Expression of Inflammatory mediators following metformin administration. The rats were injected with 3 mg of MIA. After OA induction, the rats were administrated with metformin 100 mg/kg (N = 6 animals per group). The OA rats were sacrificed at Day 15 after OA induction to collect joint tissues. (A) The expression of IL-1β, MMP3, iNOS, and IL-17 after metformin administration was determined immunohistochemically in the synovium of rats with MIA-induced OA. The count of positive cells for each antibody is shown on the right. The data are reported as the mean ± SD of three independent experiments, with six animals per group. *** p < 0.001. (B) The human OA chondrocytes were cultured with metformin (0.2 and 1 mM) and IL-1β (20 ng/mL) for 24 h. mRNA levels for MMP-1, -3, and -13, (C) TIMP-1, -3, and (D) AMPKα1 were measured by real-time-PCR. Data are represented as the mean ± SEM of three independent experiments (* p < 0.05, ** p < 0.01, *** p < 0.001).

Figure 4

Expression of cell death mediators following metformin administration. (A) The expression of p-AMPK, caspase-1, and p-MLKL in the knee joint tissues of MIA-induced OA rats was determined immunohistochemically (N = 6 animals per group). The count of positive cells for each antibody is shown on the right. Human OA chondrocytes were cultured with metformin (5 mM) for 24 h. (B,C) p-AMPK, caspase-1, caspase-3, LC3, p62, and GAPDH were analyzed using Western blot in the protein of metformin-treated human chondrocytes. (D) The human OA chondrocytes were cultured with metformin (5 mM), IL-1β (20 ng/mL), and HCQ (20 μM) for 24 h.
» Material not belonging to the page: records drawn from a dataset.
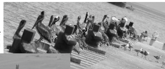
Below right Brown pelican, Panama Canal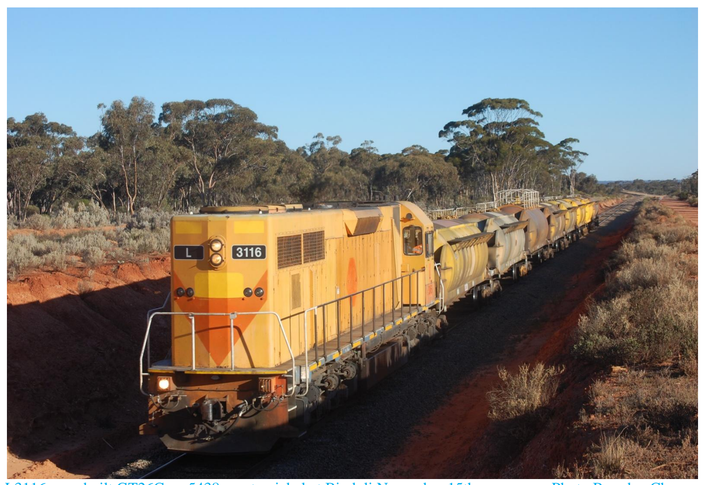
L3116 un-rebuilt GT26C on 5438 empty nickel at Binduli November 15th.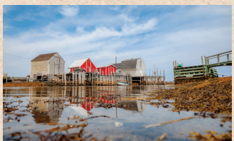
11 Blue Rocks

A stunning 2 km, crescent-shaped stretch of white sand near the community of LaHave. Popular with visitors throughout the summer, it's known for its scenic sand dunes and ideal conditions for windsurfing. The sand bar connects some of the LaHave Islands to the mainland.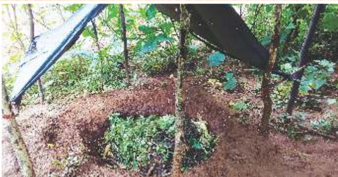
Compost pit under livelihood activities

Caspase-1, caspase-3, and GAPDH were analyzed using Western blot. Data are represented as the mean ± SEM of three independent experiments (* p < 0.05, ** p < 0.01, *** p < 0.001).

Figure 5

Metformin regulates autophagolysosome via LAMP1 activation. Human chondrocytes were cultured with metformin (1 mM) and IL-1β (20 ng/mL) for 24 h. The cells were analyzed using confocal microscopy for autophagosome and autophagolysosome. For autophagosome structure analysis, (A) colocalization of BODIPY (green) and LC3B (red) were analyzed in unstimulated (Nil) or each stimulated human chondrocyte (B,C) for autophagolysosome, colocalization of BODIPY (green), and LAMP1 (white) or colocalization of LC3B (red) and LAMP1 (white). (D) Colocalization fluorescence was analyzed using the Fiji/ImageJ program. The data are a repeat of three independent experiments, and the fluorescent data are presented as the mean ± SEM of three independent experiments (* p < 0.05, ** p < 0.01, *** p < 0.001).

Figure 6

Combined effects of metformin and celecoxib. (A) OA was induced in Wistar rats by intra-articular injection of MIA. Metformin (50 mg/kg) and celecoxib (80 mg/kg) were orally administrated into OA rats for 14 days (N = 6 animals per group). Knee-joint tissue samples acquired from all OA groups at 14 days were stained with H&E and safranin O (B) to evaluate disease severity based on OARSI and Mankin scores. Data are represented as the mean ± SEM of three independent experiments (** p < 0.01, *** p < 0.001).

Figure 7

Clinical study of the effect of metformin in OA patients. A clinical assessment of OA patients with type 2 diabetes, who had been followed-up for >3 years, showed slower progression of OA in those taking metformin (nondiabetic = 23 patients, diabetic with metformin = 18 patients; all patients female). The OA grade was analyzed based on 3 years of data (* p < 0.05).